Because the write-back cache can contain data that is more recent than the data in main memory, the Cx486S cache must be consulted whenever an external bus master (such as a DMA controller or a second processor) attempts to read a shared memory region. This is implemented via cache inquiry ("snooping") cycles, which let an external bus master poll the CPU's onchip cache. When a read snoop hit occurs for on-chip dirty data, the Cx486DX must write the data from the cache back to system memory before the auxiliary cache can proceed.

Two new signals implement the basic control for the write-back cache. Hit-Modified (HITM#) is asserted by the processor when a dirty cache line hit occurs during an inquiry cycle, i.e., when a cache-inquiry cycle is in progress and the cache holds modified data for that address.

The Cx486DX implements an "abort and retry" protocol by asserting HITM# and writing the dirty cache line (or the dirty words within the line) to memory. The other bus master then reads the data from memory. This protocol is very similar to that implemented by Pentium. If the Invalidate (INVAL) input signal is active during a cache-inquiry cycle when a hit occurs, the Cx486S will also clear the on-chip Valid bit.

External logic can also force dirty data in the cache to be written to memory by asserting the FLUSH# input. This would be used prior to stopping the processor clock, for example, since no snooping can occur between clock cycles.

To allow the Cx486S to be used in systems that lack hardware snooping signals, the device may be configured such that dirty cache data will be written to memory whenever the HOLD input is asserted, for example when a DMA controller appropriates use of the bus. The processor will then flush all dirty locations to system memory before asserting HLDA. In order to enable this mode, control bit BARB in configuration register CCR2 must be set by initialization software.

The Cx486S may perform burst-mode writes whenever all four 32-bit words of a cache line are dirty and the line must be flushed or replaced. Burst writes use the same BRDY# control signal to pace the transfer as Intel-standard burst reads. Assuming a three-clock initial transfer and single-cycle transfers within the burst (i.e., 3-1-1-1), burst mode cuts the line write time in half. Burst-mode writes are enabled by setting control bit BWRT in configuration register CCR2.

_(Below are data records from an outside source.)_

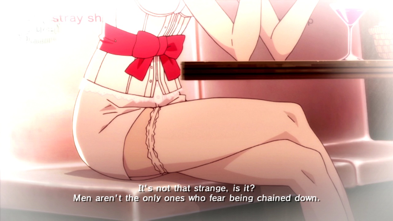 One of the main themes of Catherine is “lack of individuality”. Nobody wants to face themselves and everybody’s looking for any opportunity they can to avoid doing so. The modern world they live in provides many such opportunities. One can always lose themselves in the comfort of the daily grind. Likewise, the bar scene provides Vincent and his crew a chance to distract themselves from the Other by retreating into a world of the self where one need never think about the nothingness clawing away at them from within. Even the act of Othering is portrayed as a comfort in Catherine. Because the characters are so caught up in such an extroverted act, none of them stop to realize that they’re the ones reading the Other as a threat, let alone the deeper reasons that drive them to do so in the first place.
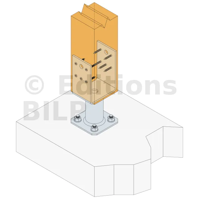 - Connexion bois sur support rigideSur poteau : 10xCNA4.0x40 Sur béton : 4Ø10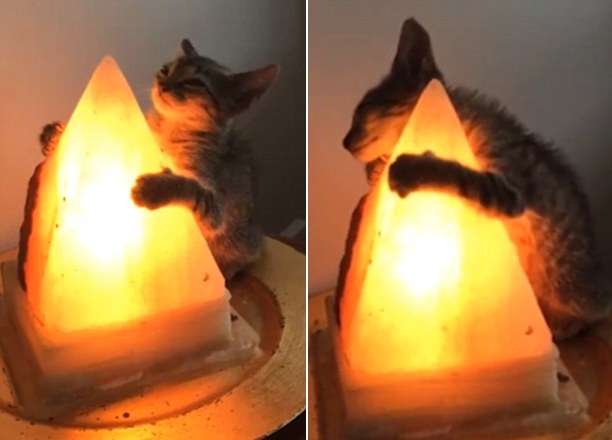 这只猫咪名叫“Selenite”,只有3周大,是主人从街头捡到的一只流浪猫。也许是从未感受过这样的温暖,这只小家伙一到家便用它的爪子紧紧地抱着一盏发光的灯。从图片上可以看到,它轻闭双眼,头微微向后仰起,似乎很享受这种温暖的感觉。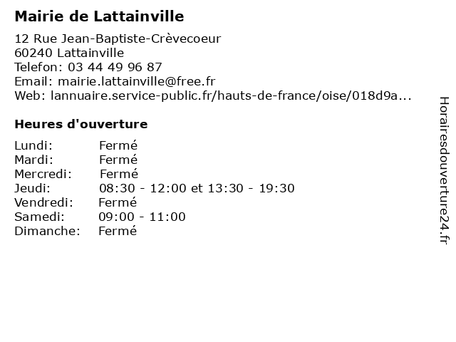 Termes de recherche pour Mairie de Lattainville:de, administration, mairie, assoc public, lattainville |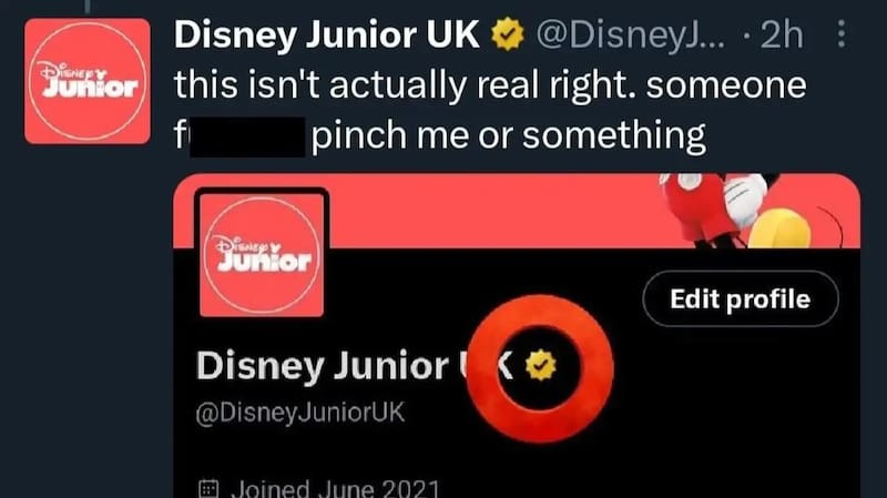 Pero como esto es internet naturalmente alguien se apoderó el nombre de usuario “Disney Junior UK” y lo que simpelemente pudo quedar como una parodia más escaló a otro nivel cuando este fin de semana Twitter le entregó a la cuenta falsa la misma verificación dorada que a las cuentas reales de Disney y otras empresas.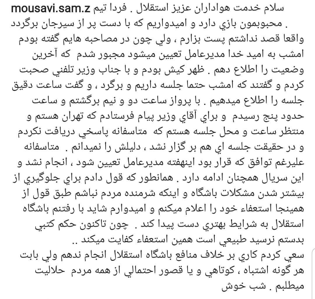 عضو هیات مدیره باشگاه استقلال تهران رسما از سمت خود استعفا داد. به گزارش ایلنا، سید عبدالرضا موسوی عضو هیات مدیره استقلال تهران دقایقی قبل با انتشار پستی در صفحه شخصی خود، رسما از هیات مدیره این باشگاه استعفا داد.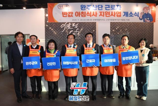 À¯ÈñÅ ¿ÏÁÖ±º¼ö´Â ¡°ÀüºÏ ÃÖÃÊ·Î ½ÃÀÛÇÏ´Â ±Ù·ÎÀÚ ¾ÆÄ§½Ä»ç Áö¿ø»ç¾÷À» ÅëÇØ ±â¾÷°ú ±Ù·ÎÀÚ°¡ »ó»ýÇÏ´Â °æÁ¦µµ½Ã ¿ÏÁÖ±ºÀÇ À§»óÀÌ ÇÑÃþ ´õ ³ô¾ÆÁ³´Ù¡±¸ç ¡°¾ÕÀ¸·Îµµ ±Ù·ÎÀÚÀÇ °Ç°°ú º¹Áö¸¦ ÁõÁø½Ã۱â À§ÇØ ´õ¿í ³ë·ÂÇϰڴ١±°í ¸»Çß´Ù.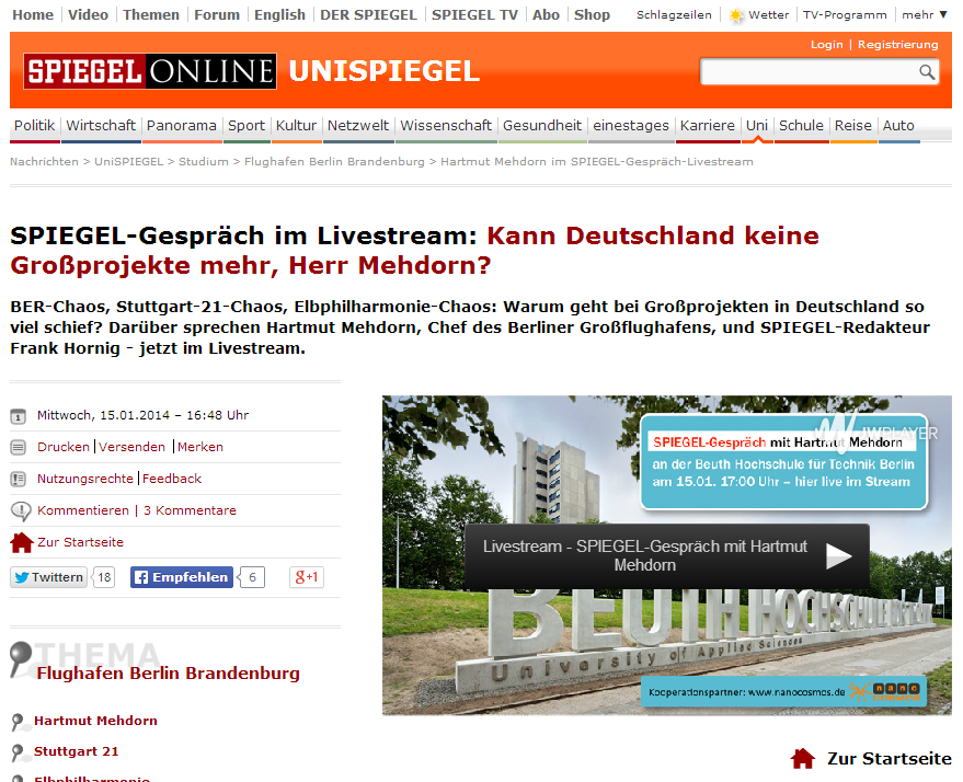 SPIEGEL-Gespräch – live an der Beuth Hochschule mit Hartmut Mehdorn. “Zu teuer, zu komplex? Deutschlands Probleme mit Großprojekten” am Mittwoch, 15. Januar 2014, 17:00 Uhr, Beuth Hochschule für Technik Berlin, Haus Grashof, Ingeborg-Meising-Saal, Luxemburger Straße 10, 13353 Berlin.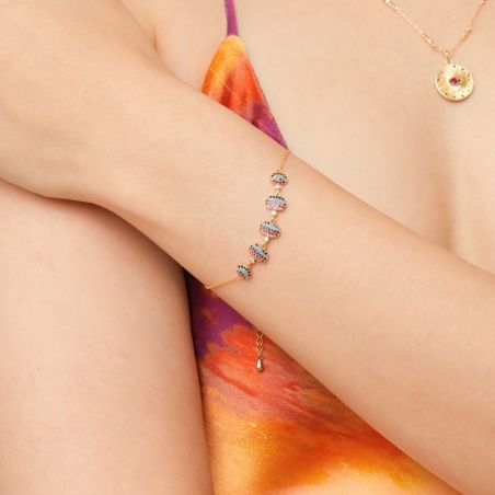 Vier de zomer in stijl met onze fijne vergulde Hipanema-armband. Dit essentiële sieraad heeft vijf glinsterende cabochons in boeiende gradiëntkleuren – diamantwit, robijnroze, saffierblauw en turkoois – gemonteerd op een stevige kabelketting. Het kleurrijke zigeunerdesign is de perfecte touch om je zomeroutfits een vleugje glamour te geven.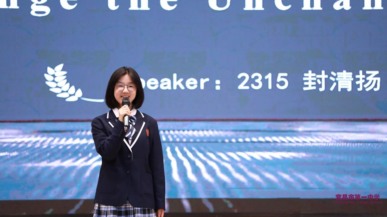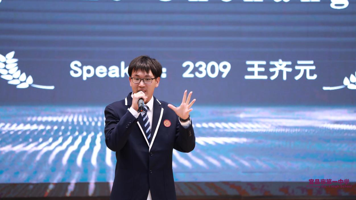 在大赛正式开始之前,来自2410班的赵戴萱同学(第21届 “外研社杯” 全国中学生外语素养大赛决赛全国特等奖得主)为大家分享了她的比赛经历。她鼓励同学们在逐梦的道路上,勇敢前行,不断超越自我!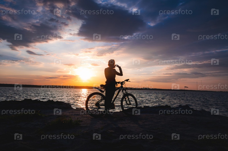 Силуэт девушки с велосипедом на берегу озера на закате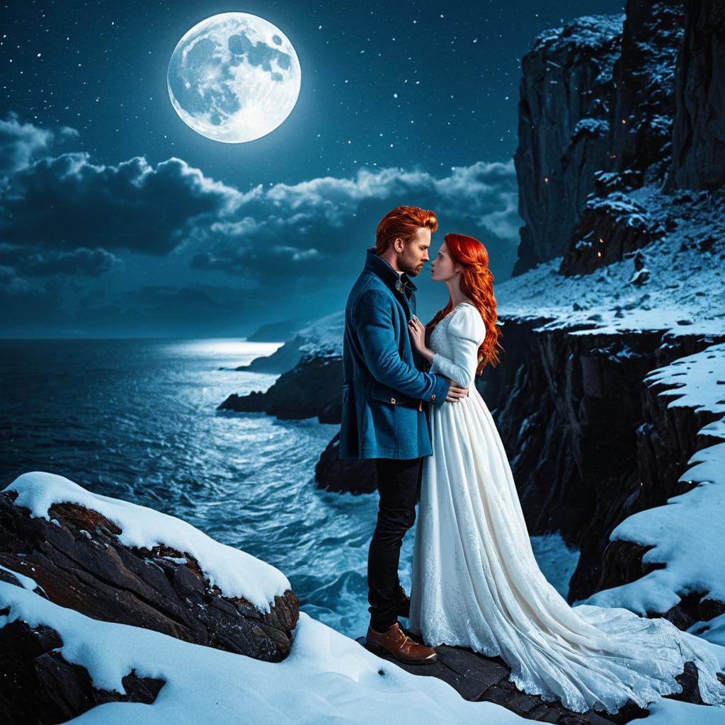 A tall man with fiery red hair wearing a fitted azure jacket stands close to a young woman with long red hair in a flowing white gown. They are on a snowy seaside cliff under a full moon, with the ocean and rocky shore visible in the background. Snow is gently falling, creating a mystical nighttime atmosphere.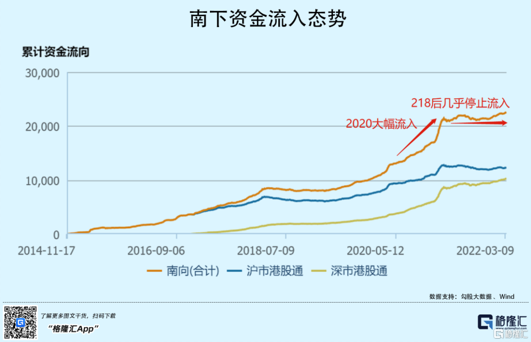 增量资金端,南下偃旗息鼓。218崩盘以来(1年多时间),南下资金区区流入1000多亿港元,对于港股大盘杯水车薪。而2020年3月至2021年2月,南下资金在不足1年内大幅流入超过1万亿元。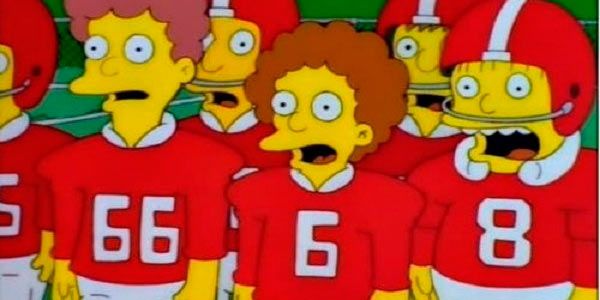 Quizás esta broma oculta sí haya sido cazada por algún espectador y es que está completamente a la vista. En la famosa escena en la que Homer excluye a casi todos los miembros del equipo de fútbol americano que entrena, aparece Rod con el número 66 y Todd con el 6. Al juntarlos forman el número de la Bestia. Además, es posible que esto te recuerde al episodio de la Casa árbol del terror donde Flanders es Satán.

(Note that since Intel 486 devices have a write-through cache, there is never any dirty data on-chip. Cache inquiry cycles thus need not be performed when an attached processor attempts to read a shared memory space. Cache inquiry cycles need only be performed when an external bus master writes to shared memory, and then the only action required of the cache is that its line-valid bit must be cleared to mark the data as stale.)

The PEREQ, BUSY, and ERROR# signals perform the same external FPU interface functions as on the Cx486SLC device. Refer to the earlier product description for details.

**Clocking Regimes** The Cx486S device's static design allows its clock to be slowed or stopped to reduce power. A novel feature of the Cyrix clock-doubler circuit is that it does not employ a phase-locked loop (PLL).

Instead, Cyrix's clock-doubler circuit uses a digital delay circuit that generates a series of pulses after each clock edge. In response to this edge, the Cyrix clock-doubler circuit generates a series of four pulses, with the time between pulses set by an on-chip delay line. Each pulse toggles a flip-flop, which creates the frequency-doubled output. The delay time between pulses is set so that even at the maximum clock frequency, the fourth pulse arrives sufficiently early before the next rising edge on the clock input.

As the clock input is slowed, the spacing of the four pulses remains constant, so only the last half-cycle of every alternate clock cycle is stretched. This stretching does not bother the logic, however, and this circuit allows the clock frequency to be changed dynamically without restriction.

(In a chip that does have an analog PLL clock generator, such as the i486SX2, chip frequency cannot be changed rapidly because the PLL cannot remain locked to a rapidly slewing frequency. This limits the degree to which power-management circuitry can dynamically slow the clock to save power.)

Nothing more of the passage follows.